- [Assignment] From the entries below, say how many lines carry the word "with", and give nothing but the number.

- [Records to process]
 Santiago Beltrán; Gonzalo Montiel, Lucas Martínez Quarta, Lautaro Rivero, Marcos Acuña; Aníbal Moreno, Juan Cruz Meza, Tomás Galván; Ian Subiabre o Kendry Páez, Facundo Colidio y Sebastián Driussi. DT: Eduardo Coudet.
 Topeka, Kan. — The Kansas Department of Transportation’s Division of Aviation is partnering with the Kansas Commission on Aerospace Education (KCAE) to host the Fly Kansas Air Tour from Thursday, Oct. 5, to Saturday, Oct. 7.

==

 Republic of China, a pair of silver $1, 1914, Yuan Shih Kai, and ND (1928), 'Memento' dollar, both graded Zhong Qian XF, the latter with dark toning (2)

- [Your response] 2